The Stock Market Crash of 1929 was a result of mass panic selling of stocks, this lead prices to plummet. Signs of market instability were seen slightly before “Black Thursday” (Thursday October 25th 1929, the first day of mass stock sales in 1929) and “Black Tuesday” the notorious day when the Dow Jones industrial average (An overall measure of stock prices) dropped over 12%.

Prior to the Stock Market slumping in late October 1929, the market was actually thriving. Generally prices of stocks were on the up throughout the decade, peaking in September 1929. It was at this point that market instability started to set in. Because of prices being constantly on the up previously in the year, there was huge levels of public investment, many people would borrow over two thirds of the face value of the shares they were purchasing. This level of borrowing was simply considered normality with an economy thriving.

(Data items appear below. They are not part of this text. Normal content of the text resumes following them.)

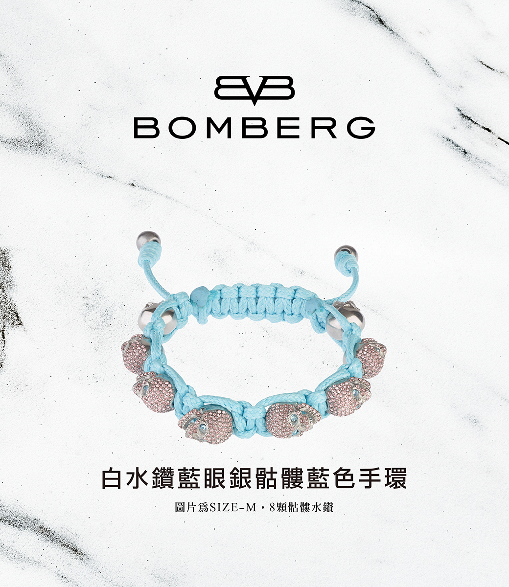 - BOMBERG|白水鑽藍眼銀骷髏粉藍色手環*1
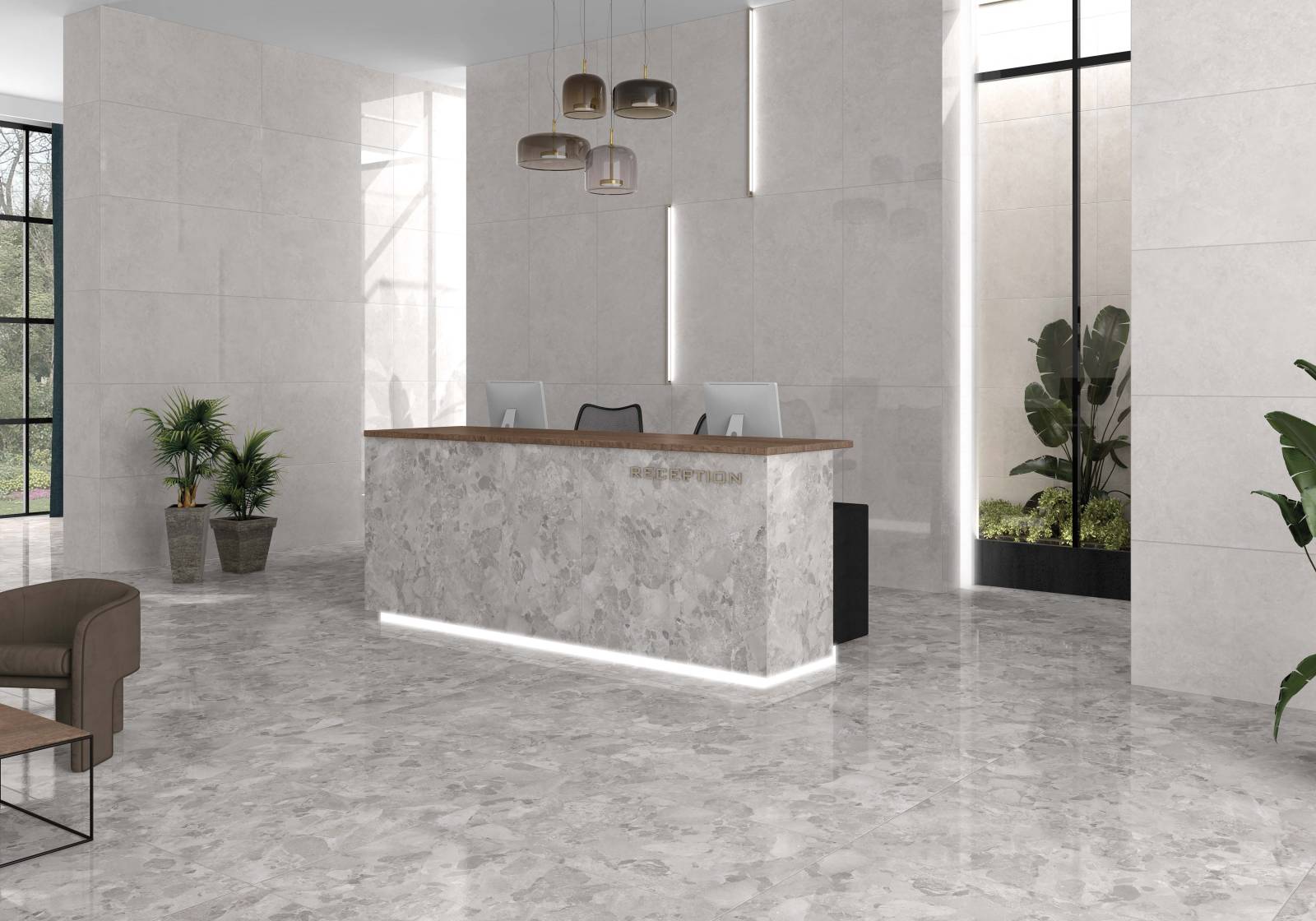 La surface polie réfléchit la lumière, créant une illusion visuelle d'agrandissement de l'espace, idéale pour les espaces plus petits ou ceux où une atmosphère aérée est souhaitée.
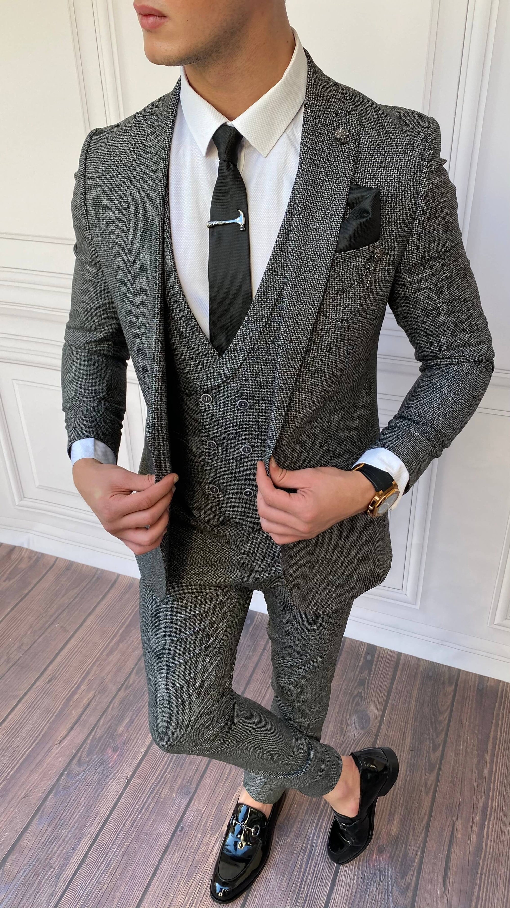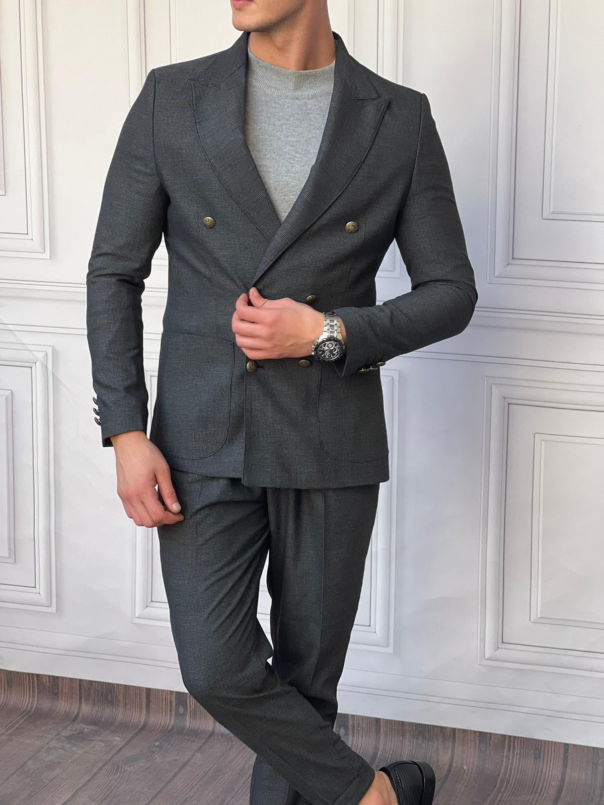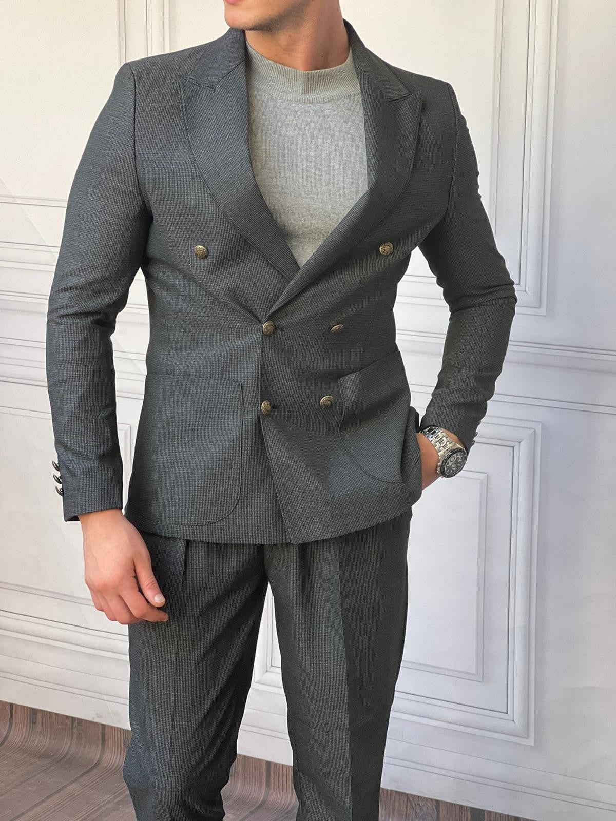 Özel Seri %100 Gofre Kumaş İtalyan Kesim Pileli Modern Fit Takım Elbise
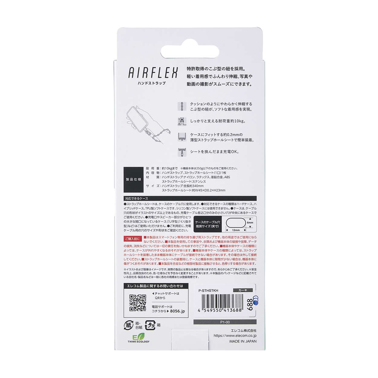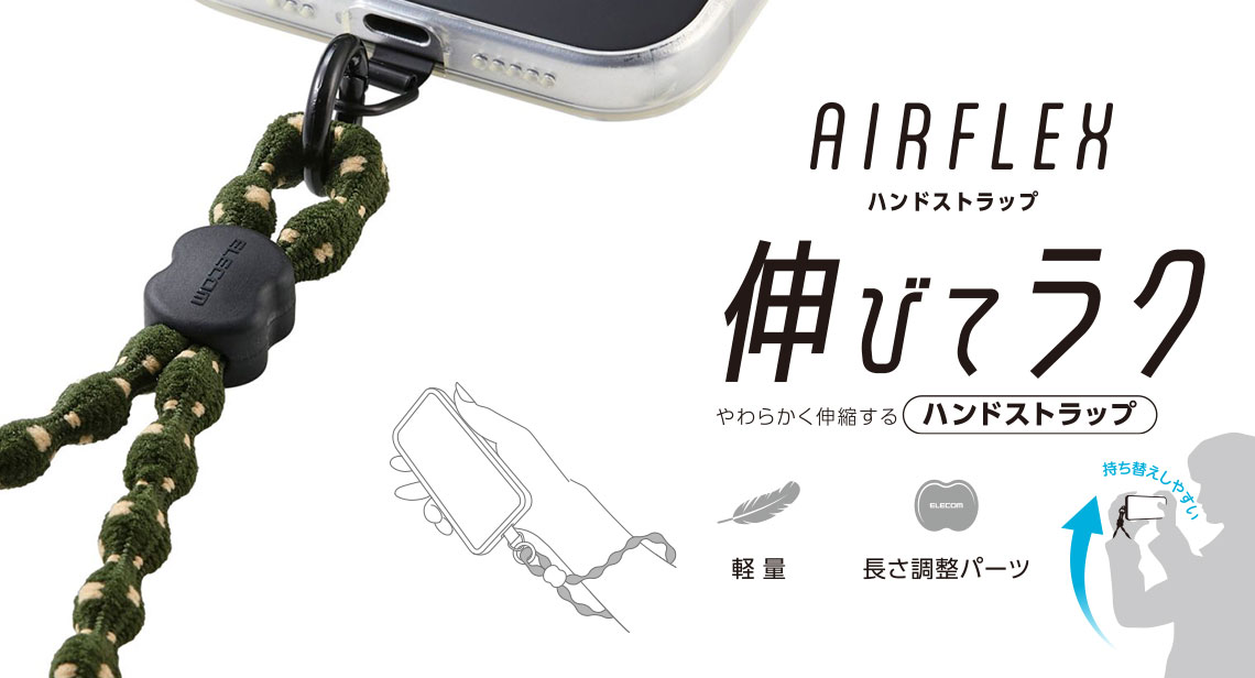 特許取得のこぶ型ひもを使った、柔らかく伸びるAIRFLEXシリーズのスマホハンドストラップです。手首に掛けたままでも写真撮影や電子決済がスムーズにでき、両手が空くので外出やお出かけも快適。どんなコーデにも合わせやすいカジュアルデザインです。

When the market began to look unstable, those who had borrowed to purchase shares wanted to sell as quickly as possible to make their money back. This caused panic selling to occur. Panic selling is when lots of shareholders are looking to sell at the same time and prices drop massively due to the excess supply. When prices begin to drop, even more people decide to sell in order to maximise their return in fear that share value is going to drop further.

Investors inevitably lost money. Those who had lost money cut their expenditure by 10% in order to pay back loans and restore savings. The massive cut in public expenditure caused interest rates to drop to low levels, loss of jobs and a decline in worldwide trade. Cities all around the world, particularly those who relied on heavy industry, were hit very hard. Many people were defaulting on loan payments and banks began to shut down.

Stock market crashes since, such as the stock market crash of 1987 and the stock market crash of 2008, haven’t caused such a global economic crisis as the 1929 Great Depression. The single biggest loss in one day on the stock market was “Black Monday” in 1987, where the Dow Jones Industrials Average dropped over 22%. Despite this, the Stock Market Crash of 1929 remains the worst in history.